Maybe we know some individual prefers the NBA to college basketball and to college football and that he prefers college football to pro football. Since a relation is just a collection of ordered pairs, it makes sense to represent them as a directed graph.

Given these preferences, we would like to be able to infer that this individual prefers the NBA over the NFL as well.

In effect, if there is a path from one vertex to another, we would like to add a direct edge between them. In set theory, this is called the transitive closure of a relation. Given what we know already, there is a fairly simple solution: just give each edge weight 1 and run Floyd-Warshall! The distance will be infinity if there is not path and it will minimum number of edges traversed otherwise.

This is more information that we really need, however. We really just want to know whether there is a path, not how long it is.

Hence, in this context we use a slight variant where the entries in the table are all booleans 0 or 1, instead of integers, but otherwise, the algorithm is essentially the same.

We initialize the table so that entry \(i,j\) is \(1\) if \((a_i,a_j)\) is in the relation and zero otherwise. Note that I’m letting \(a_1\) through \(a_n\) be the set \(A\) here. Then we keep on adding potential intermediary elements and updating the table accordingly. We have that \(i\) and \(j\) are in the relation if either they are in the relation already or they are linked together by \(a_k.\)

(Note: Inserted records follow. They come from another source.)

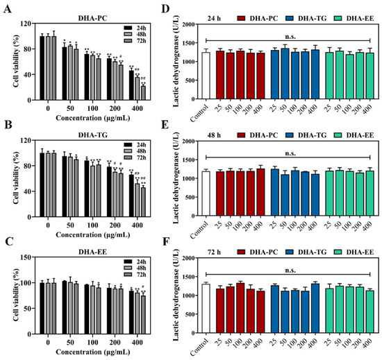 Effects of DHA with different molecular forms on the growth of 95D lung cancer cells. (A) Cell viability in DHA-PC group. (B) Cell viability in DHA-TG group. (C) Cell vi-ability in DHA-EE group. (D) LDH activity in 24 h. (E) LDH activity in 48 h. (F) LDH activity in 72 h. Data are presented as mean ± SD (n = 6). * p < 0.05, ** p < 0.01 versus control group. # p < 0.05, ## p < 0.01 versus 24 h. n.s., no significance. Abbreviations: lactic dehydrogenase (LDH).
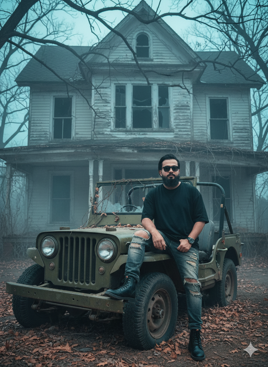 Based on the provided image, a hyper-realistic 4K cinematic portrait that preserves the young man’s face and haircut at 34. The film’s atmosphere is a young man sitting in a broken jeep in front of an old, broken house with leaves and a spooky atmosphere everywhere. The young man is dressed in a black loose T-shirt, torn jeans, black expensive shoes, a watch in his hand, and dark glasses. He has one foot on the ground and one inside the car, and there are dry leaves everywhere. Utilize the same face in the uploaded photo, and the model’s medium-sized hairstyle
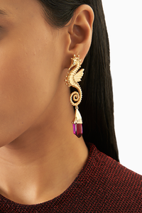 Lightweight and playful, these elegant Seahorse earrings with a hand carved ruby pink stone catch the light in the most mesmerizing twinkle.

Often, we are interested not in the transitive closure of a relation but in the reflexive transitive closure. In this case, we just set the diagonal elements of the relation to be true from the beginning.

Conclusion - (Udacity, Youtube)

There are many other applications of dynamic programming that we haven’t touched on, but the three we covered provide a good sample, and help illustrate the general strategy. Perhaps, the most important lesson is that any time that you have found a recursive solution to a problem, think carefully about what the subproblems are and whether there overlap that you can exploit.

Note that this won’t always work. Dynamic programming will not create yield a polynomial algorithm for every problem with a recursive formulation. Take satisfiability for example. Pick a variable and set it to true and eliminate the variable from the formulation. We are left with another boolean formula, and if it’s satisfiable then so was the original. The same is true if we set the variable to false, and original formula will have a satisfying assignment if either of the other two do. This is a perfectly legitimate recursive formulation, yet there isn’t enough overlap between the problem to create a polynomial algorithm – at least, not unless P is equal to NP.

In the next lesson, we’ll examine the Fast Fourier Transform. This is much more a divide and conquer problem than it is a dynamic programming one, though many of the same themes of identifying subproblems and re-using calculation we appear as we study it. Keep this in mind as we study it.